Кодеин начинает действовать. Звон в теле понемногу стихает.

– Головные боли так никуда и не делись. Бессонница бывает. Часто волнуюсь. Но мне больше не больно. Во всех смыслах слова.

И я вдруг признаюсь ей:

– Мне больно всегда.

– Есть вещи, которые не изменить, – вздыхает Триша, рассматривая свои руки. – Но есть и те, которые еще можно.

Кодеин успокаивает злополучную ногу. Но у меня чудовищно щемит в груди.

– Это несправедливо, – произносит Триша тем же тоном, что и я в свое время.

– Несправедливо, – отзываюсь я.

– Да, золотце. Несправедливо.

– Несправедливо!

Наши голоса сливаются, и я начинаю реветь, а она обнимает и качает меня, как ребенка, под бесстыже белым светом лампы.

Утром я пристегиваю ногу, надеваю джинсы, расчесываю парик. Краду еще таблеток, но оказывается, что в рюкзаке уже лежит две пачки.

Триша выносит на балкон латте с оладьями, а я не могу смотреть ей в глаза. На ней вязаный топ, который имитирует украденные болезнью формы. Они с Заком передают друг другу сахар и кленовый сироп, болтают про школу, про детеныша альпаки, про новую итальянскую кофемолку. Как будто это важные вещи. Вот они, два человека с общей плохой генетикой, и их волнуют типы кофейных зерен.

Как они так могут? У него чужой костный мозг в теле, а ей отрезали грудь. Как они проживают день за днем, словно все под контролем? Я после операции могу чувствовать только две вещи: жалость к себе и ярость на весь мир. Жалость, ярость, жалость, ярость. Куда ни посмотри – мир полон вещей, которых у меня больше нет.

Мне хочется орать на бегунов под окнами. Мне хочется ломать им ноги, выдирать клочьями волосы. Почему им так повезло? И, главное, они даже не знают, насколько им повезло! А эти, толкающие педали обеими ногами? Я хочу вставлять им палки в колеса! Я хочу врезать каждому, кто имеет наглость быть счастливым.

Триша при разговоре теребит цепочку. Я гадаю, что она делает со своей яростью. Наблюдаю за ее лицом, за пальцами, но ярости нет ни в мимике, ни в жестах. Или она так круто притворяется?

Она смотрит на меня и протягивает тарелку с оладьями.

– Попробуй. Это единственное, что я умею готовить.

Вязаная крючком скатерть, оладьи на завтрак, болтовня ни о чем – что, если это все притворство?

Может, Зак тоже только притворяется нормальным? Если да, то мир им должен по Оскару. По стоячей овации.

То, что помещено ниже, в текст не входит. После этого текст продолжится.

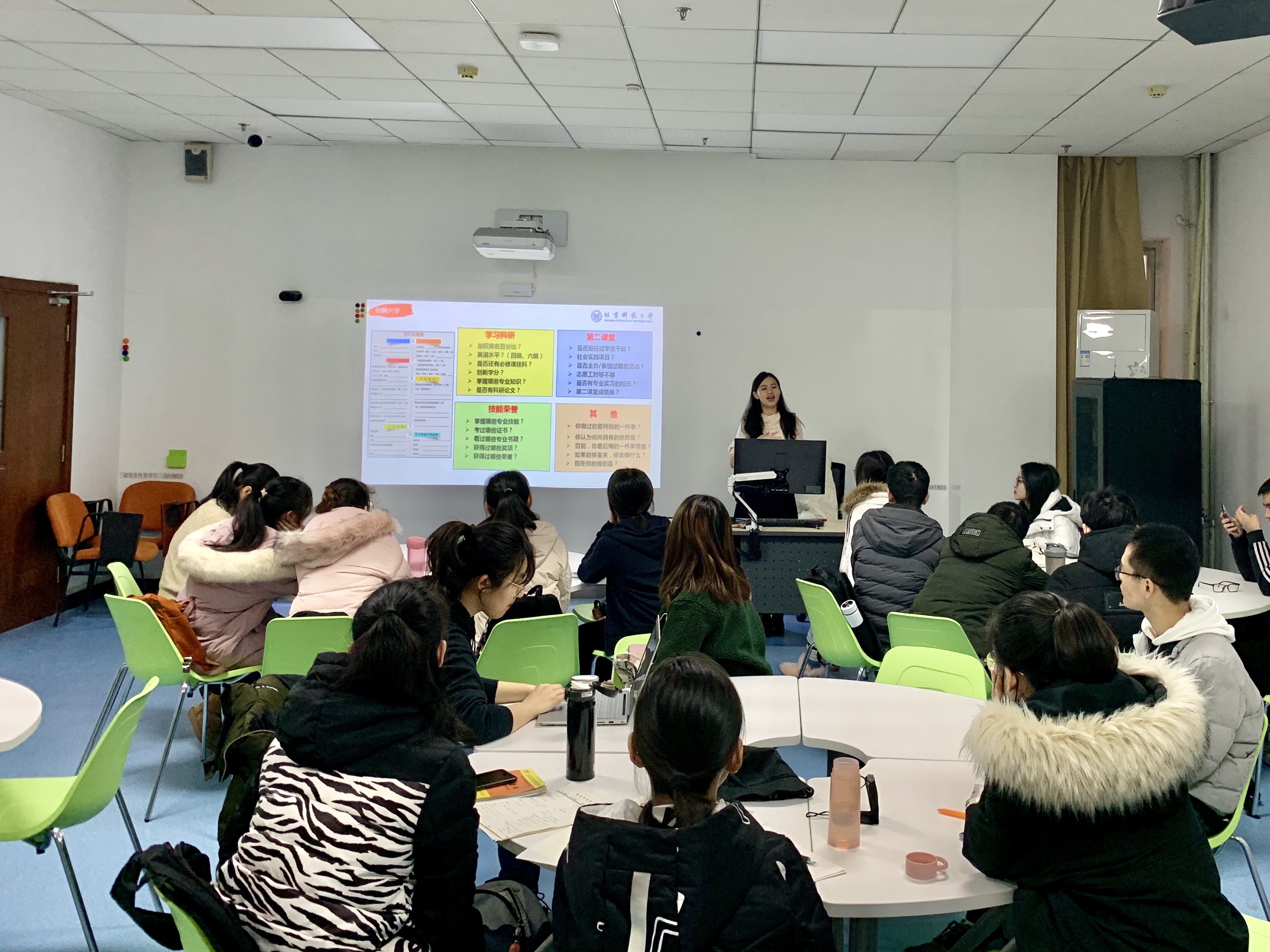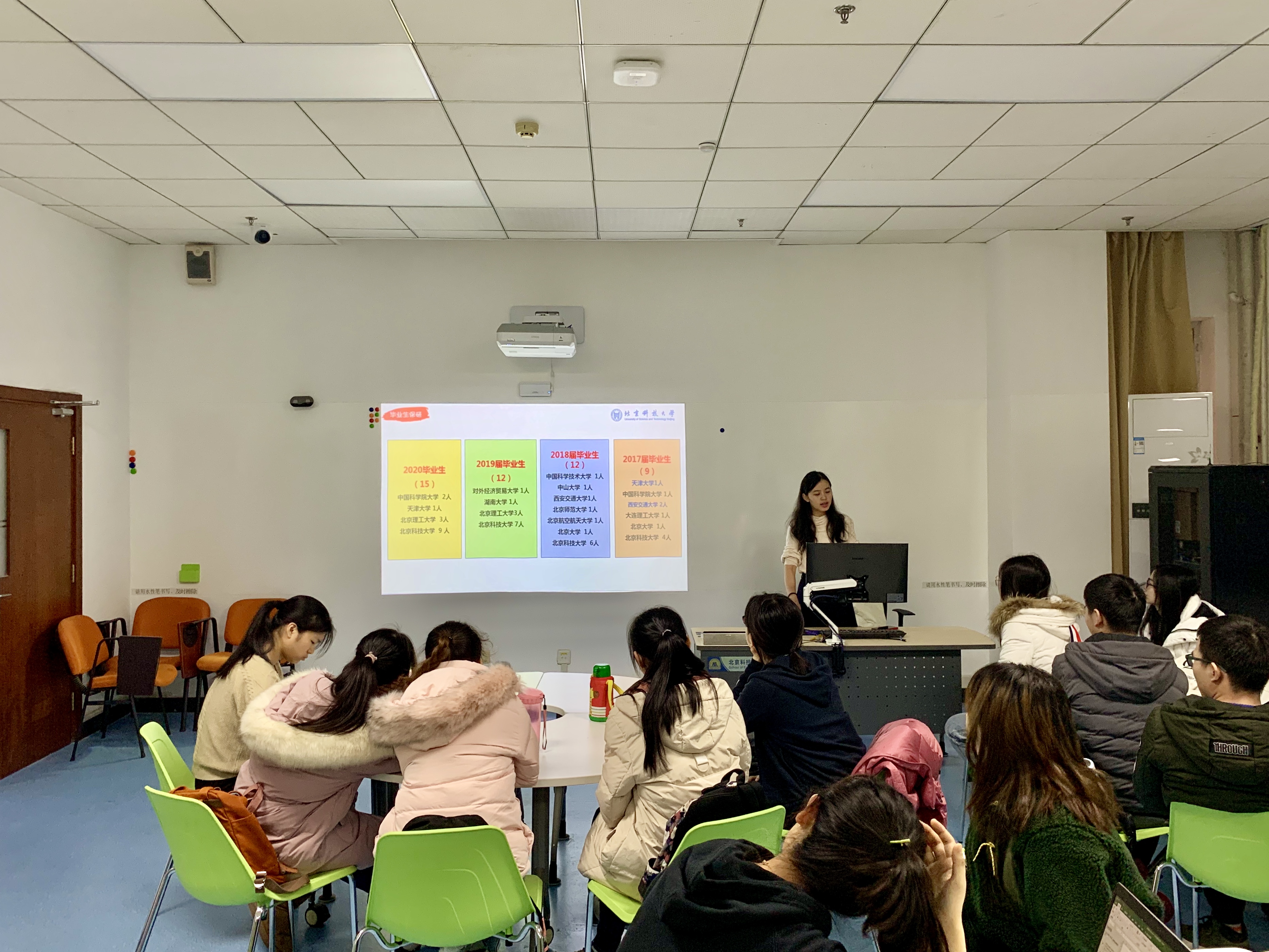 2019年已接近尾声,本科17级同学也即将结束自己大三上学期的学习生活。刘璐老师带领大家在这个关键时期回顾自己已经走过的大学生涯,引导同学们回顾与整理自己本科阶段在学习科研、第二课堂、技能荣誉、个人发展上的收获,思考“你做过的最特别的一件事”与“你认为你所具有的优势”,做好未来规划。为了帮助同学们更好地结合自身实际情况选择适合的发展方向,刘璐老师介绍了近四年经管毕业生保研、考研、出国、就业的去向,为大家个人规划提供了客观的参考。

Я пытаюсь им подражать и делаю смелый глоток кофе. Он слишком крепкий, но я не жалуюсь. Добавляю молока. Держу язык за зубами. Считаю до десяти. До двадцати. Повторяю их движения: как они размазывают масло и сироп, как педантично отрезают от оладьев ломтики, как подставляют солнцу щеки. Я тоже довольно щурюсь на солнце и изображаю улыбку. По-моему, они мне верят.

Перед выходом я крашусь блеском для губ, чтобы хорошая мина вышла убедительнее. Сегодня нужно не терять лицо, ради Зака, потому что похороны друга – не место для моих проблем. Я просто составляю компанию.